→ Instructions to follow
Below is a block of records; return all of them exactly, but without the images.

[Data records]
---------------

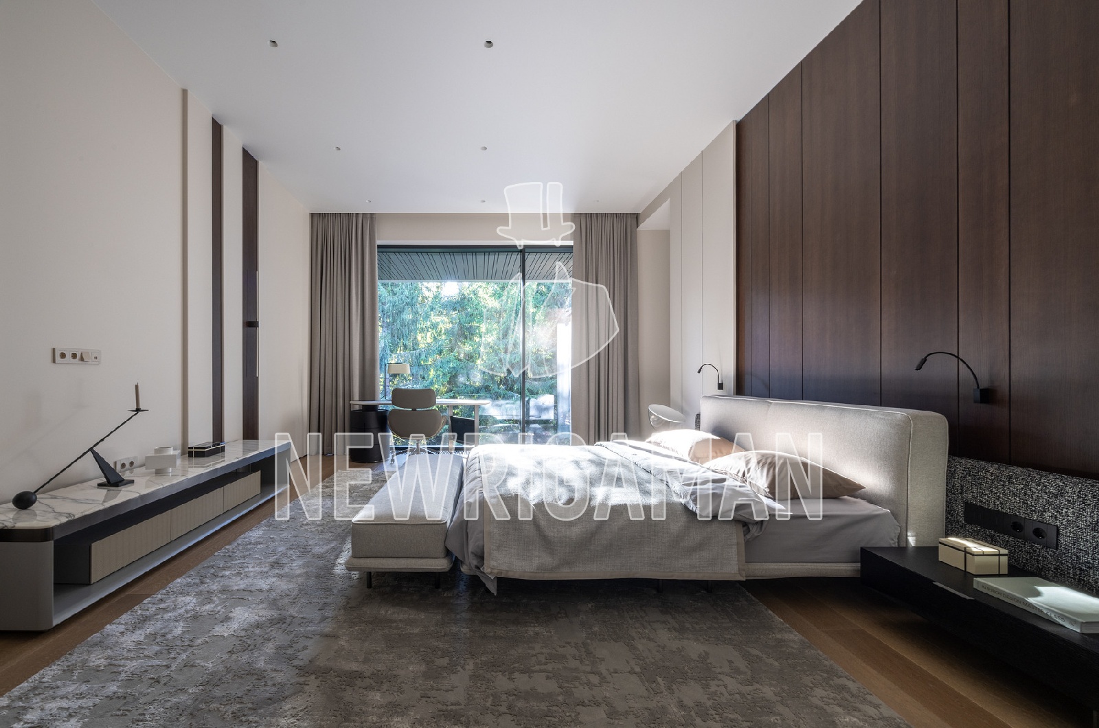 Продажа загородного дома общей площадью 1200 кв.м. Новорижское шоссе, 26 км от МКАД. Коттеджный поселок Шервуд. Дом построен в 2 этажа. Выполнена дизайнерская отделка полностью под ключ со всей мебелью, техникой и коврами. Фасад дома выполнен из высококачественных материалов. В гостиной мебель из последней коллекции итальянского бренда Minotti. Удобная и очень современная планировка всех спален, особенно хозяйского блока. Канальное кондиционирование. Приточная вентиляция с функцией увлажнения воздуха. Дом утопает в вековом хвойном лесу в самом центре поселка на солнечной стороне. На участке выполнен ландшафтный дизайн. Гараж на 2 машиноместа. Лесной участок площадью 23 сотки в самом центре посёлка.
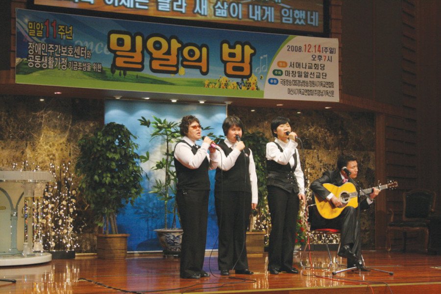 장애인보호센터와 공동생활가정 기금 조성 마창밀알선교단(단장 진병진 목사)은 창립 11주년을 맞아 지난 12월 14일 오후 7시 서머나교회에서 ‘밀알 11주년 밀알의 밤’을 가졌다. 장애인선교의 필요성 인식과 장애인주간보호센터와 공동생활가정 기금 조성을 위해 개최한 이번 행사는 1천여명이 참석한 가운데 성료했다. 김종성 목사의 기도로 시작해 시각장애인 이재서 총재(세계밀알 총재, 한국밀알선교단 설립자)의 간증과 기차사고로 양팔을 잃은 백은영 자매의 찬양과 간증, 하늘소리 국악찬양단, 동방현주의 공연이 펼쳐졌다.
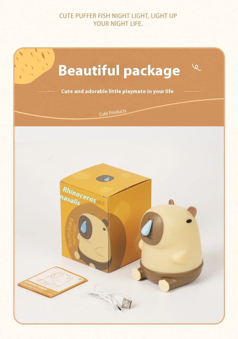 - Portable Rechargeable Capybara light:Capybara Night Light is equipped with a built-in 1200mAh rechargeable battery, 3000K warm light,Cordless,portable,USB rechargeable,you can take it anywhere after charging it,offering hours of continuous use on a single charge,You can take it camping, traveling,or use it as a desk lamp and emergency light,Capybara night light include:Capybara lamp,1 x USB cable,1 x user manual.
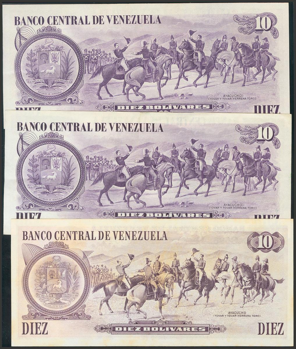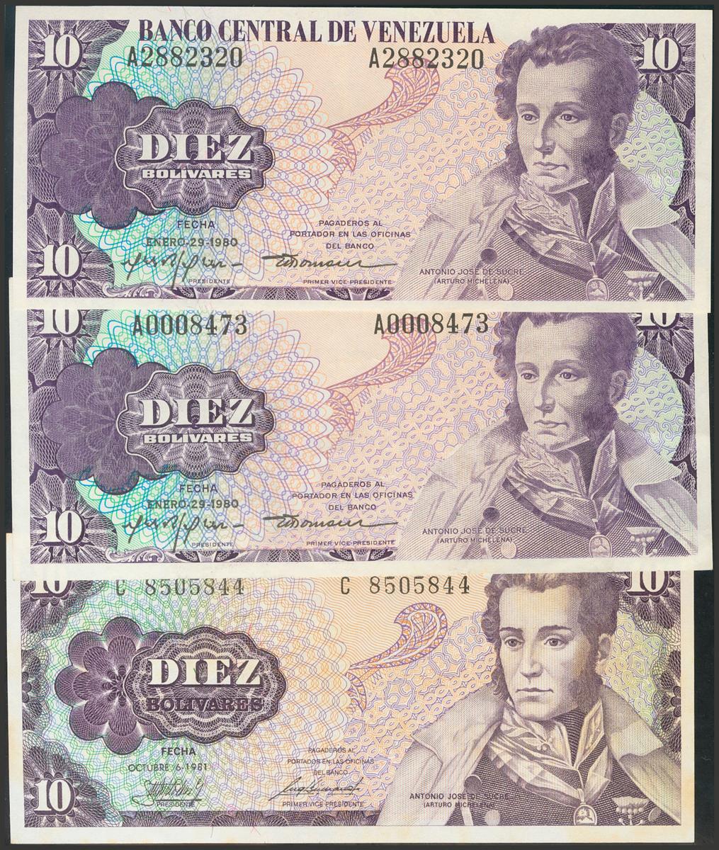 VENEZUELA. Conjunto de 3 billetes de 10 Bolívares emitidos el 29 de Enero de 1980 (2) con la serie A y 6 de Octubre de 1981 con la serie C y 7 dígitos. (Pick: 60, Sleiman: 194(2), 198). EBC.
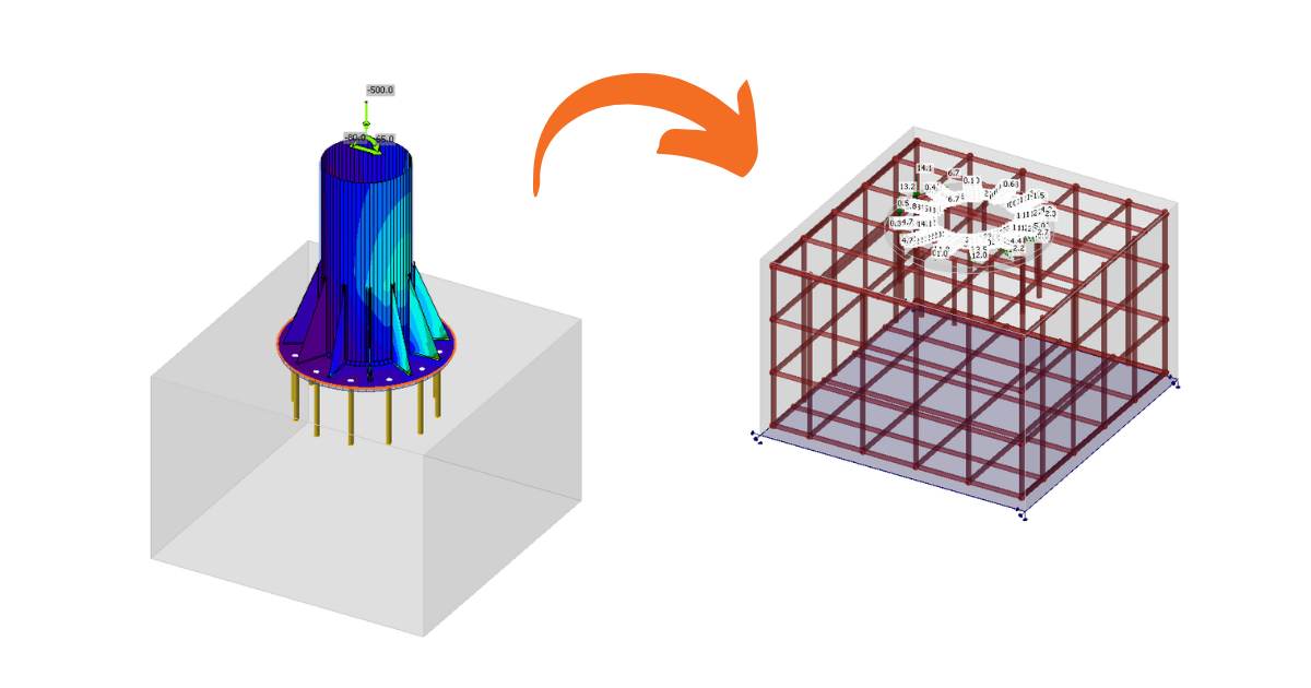 The steel code checks remain valid, and users can export the model to Detail for advanced concrete verification. The software automatically redistributes forces according to anchor stiffness, compression subsoil stiffness, and load paths, allowing engineers to investigate and validate critical load transfer conditions manually.
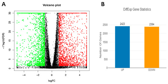 Figure 7. The identification of differentially expressed genes (DEGs). (A) DEGs with higher (H) and lower (L) levels are displayed on the volcano plot. Genes that differ significantly are represented by red and green points, respectively, with a fold change |log2FC| >1 and FDR < 0.05. Genes with a fold change |log2FC| ≤ 1 and no significant difference are represented by black points; red and green points denote up-regulated and down-regulated genes, respectively. (B) Higher (H) and lower (L) levels of DEG statistics. Down-regulated and up-regulated genes are represented on the X-axis, while the number of DEGs is represented on the Y-axis.
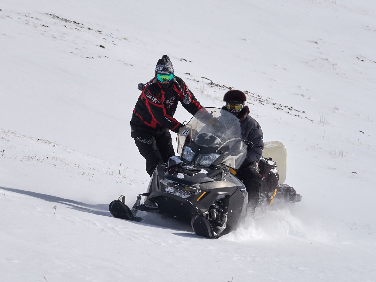 На снегоходах начинаем подъем на Кылайскую гриву.
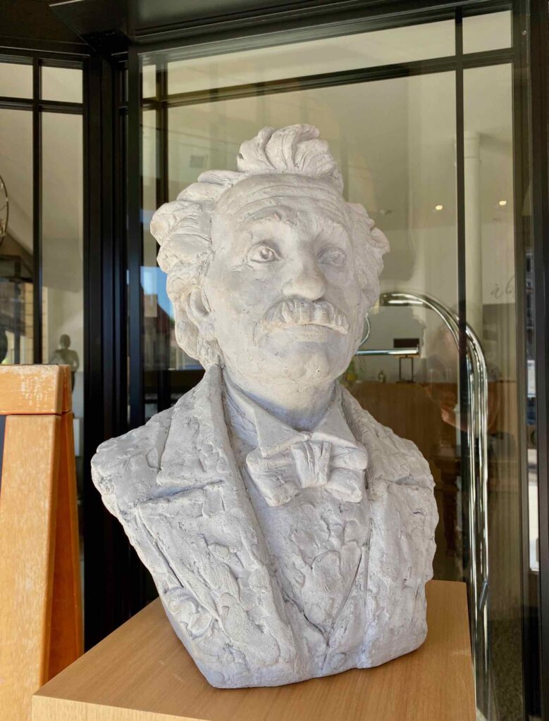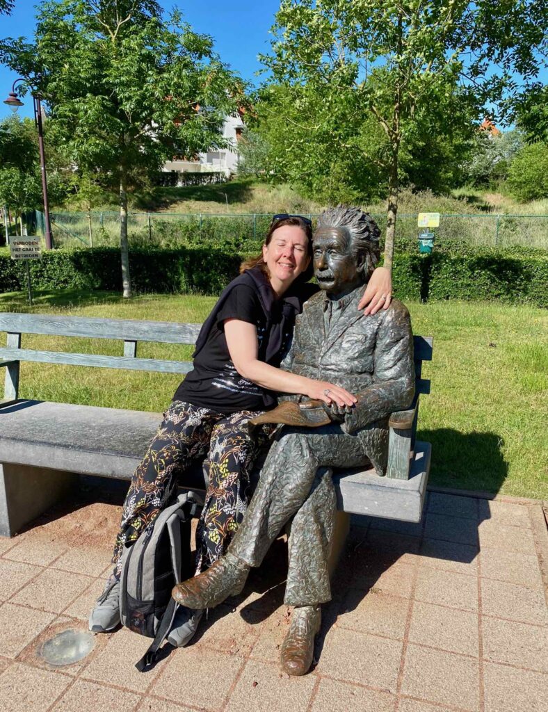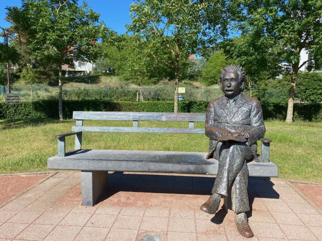 Si vous voulez mettre vos pas dans ceux d’Einstein, il y a un autre endroit à ne pas manquer à De Haan. C’est le petit square au bout de Normandiëlaan, où trône une statue en bronze signée Johnny Werbrouck. Elle aussi rappelle le séjour du prix Nobel de physique dans la station.

---------------

→ Reply to the exercise
 Продажа загородного дома общей площадью 1200 кв.м. Новорижское шоссе, 26 км от МКАД. Коттеджный поселок Шервуд. Дом построен в 2 этажа. Выполнена дизайнерская отделка полностью под ключ со всей мебелью, техникой и коврами. Фасад дома выполнен из высококачественных материалов. В гостиной мебель из последней коллекции итальянского бренда Minotti. Удобная и очень современная планировка всех спален, особенно хозяйского блока. Канальное кондиционирование. Приточная вентиляция с функцией увлажнения воздуха. Дом утопает в вековом хвойном лесу в самом центре поселка на солнечной стороне. На участке выполнен ландшафтный дизайн. Гараж на 2 машиноместа. Лесной участок площадью 23 сотки в самом центре посёлка.
 장애인보호센터와 공동생활가정 기금 조성 마창밀알선교단(단장 진병진 목사)은 창립 11주년을 맞아 지난 12월 14일 오후 7시 서머나교회에서 ‘밀알 11주년 밀알의 밤’을 가졌다. 장애인선교의 필요성 인식과 장애인주간보호센터와 공동생활가정 기금 조성을 위해 개최한 이번 행사는 1천여명이 참석한 가운데 성료했다. 김종성 목사의 기도로 시작해 시각장애인 이재서 총재(세계밀알 총재, 한국밀알선교단 설립자)의 간증과 기차사고로 양팔을 잃은 백은영 자매의 찬양과 간증, 하늘소리 국악찬양단, 동방현주의 공연이 펼쳐졌다.
 - Portable Rechargeable Capybara light:Capybara Night Light is equipped with a built-in 1200mAh rechargeable battery, 3000K warm light,Cordless,portable,USB rechargeable,you can take it anywhere after charging it,offering hours of continuous use on a single charge,You can take it camping, traveling,or use it as a desk lamp and emergency light,Capybara night light include:Capybara lamp,1 x USB cable,1 x user manual.
 VENEZUELA. Conjunto de 3 billetes de 10 Bolívares emitidos el 29 de Enero de 1980 (2) con la serie A y 6 de Octubre de 1981 con la serie C y 7 dígitos. (Pick: 60, Sleiman: 194(2), 198). EBC.
 The steel code checks remain valid, and users can export the model to Detail for advanced concrete verification. The software automatically redistributes forces according to anchor stiffness, compression subsoil stiffness, and load paths, allowing engineers to investigate and validate critical load transfer conditions manually.
 Figure 7. The identification of differentially expressed genes (DEGs). (A) DEGs with higher (H) and lower (L) levels are displayed on the volcano plot. Genes that differ significantly are represented by red and green points, respectively, with a fold change |log2FC| >1 and FDR < 0.05. Genes with a fold change |log2FC| ≤ 1 and no significant difference are represented by black points; red and green points denote up-regulated and down-regulated genes, respectively. (B) Higher (H) and lower (L) levels of DEG statistics. Down-regulated and up-regulated genes are represented on the X-axis, while the number of DEGs is represented on the Y-axis.
 На снегоходах начинаем подъем на Кылайскую гриву.
 Si vous voulez mettre vos pas dans ceux d’Einstein, il y a un autre endroit à ne pas manquer à De Haan. C’est le petit square au bout de Normandiëlaan, où trône une statue en bronze signée Johnny Werbrouck. Elle aussi rappelle le séjour du prix Nobel de physique dans la station.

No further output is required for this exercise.